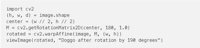 image.shape输出高度、宽度和通道。M是旋转矩阵——它将图像围绕其中心旋转180度。
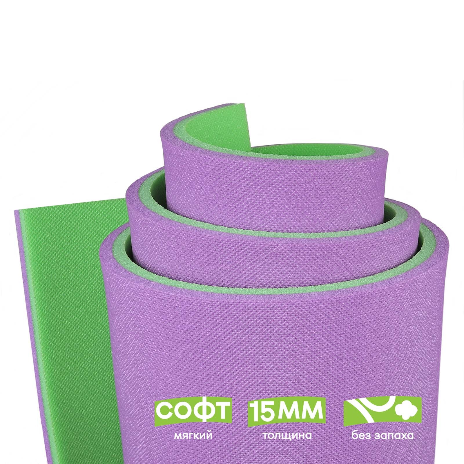 Комплектация:ремешокОписание:Коврик для занятий спортом дома и на открытом воздухе из экологичного полимерного материала. Подходит для пилатеса, расслабляющих практик йоги или для зарядки. Толщина коврика 15 мм обеспечивает мягкое и комфортное покрытие. Д
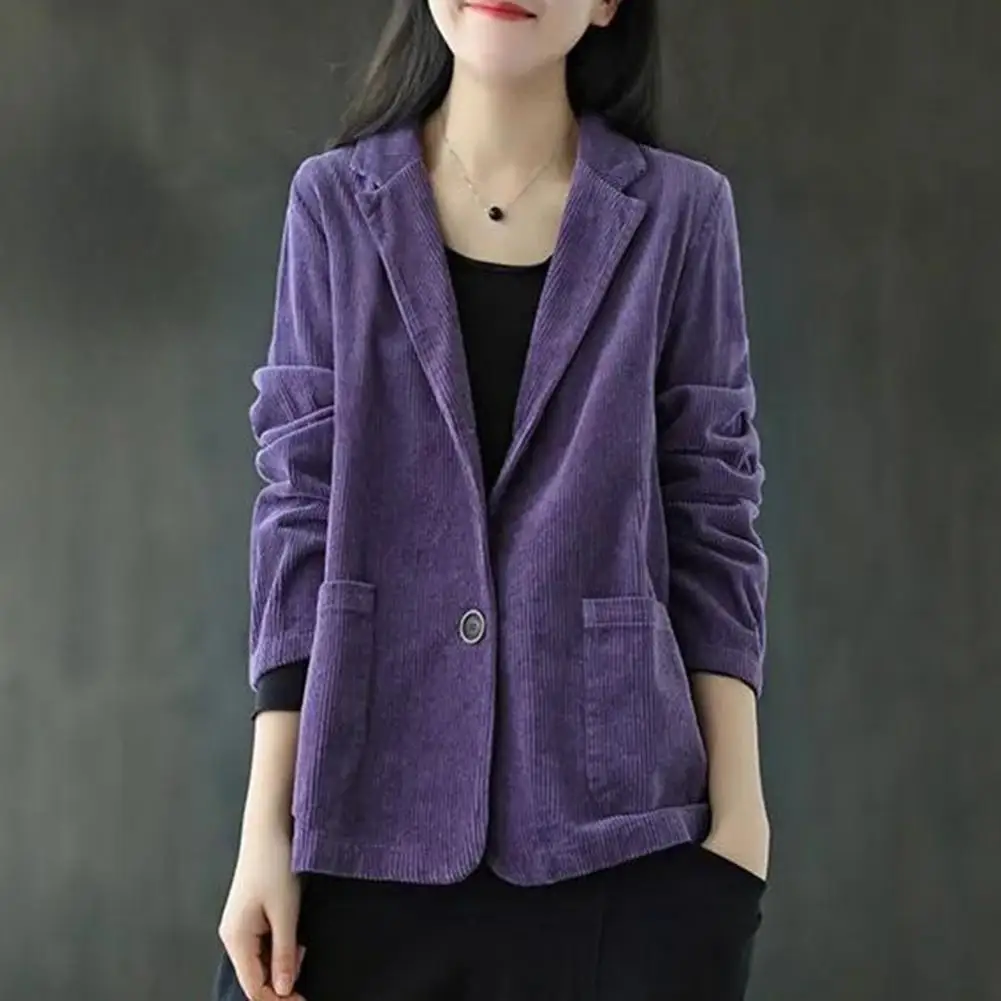 Business Coat with Pockets Retro Corduroy Suit Coats for Men Women Slim Fit Single-breasted Jackets with Pockets Lapel Long

* [What the exercise asks]: The result should be a verbatim copy of the data, free of pictures.

* [Your response]:
 image.shape输出高度、宽度和通道。M是旋转矩阵——它将图像围绕其中心旋转180度。
 Комплектация:ремешокОписание:Коврик для занятий спортом дома и на открытом воздухе из экологичного полимерного материала. Подходит для пилатеса, расслабляющих практик йоги или для зарядки. Толщина коврика 15 мм обеспечивает мягкое и комфортное покрытие. Д
 Business Coat with Pockets Retro Corduroy Suit Coats for Men Women Slim Fit Single-breasted Jackets with Pockets Lapel Long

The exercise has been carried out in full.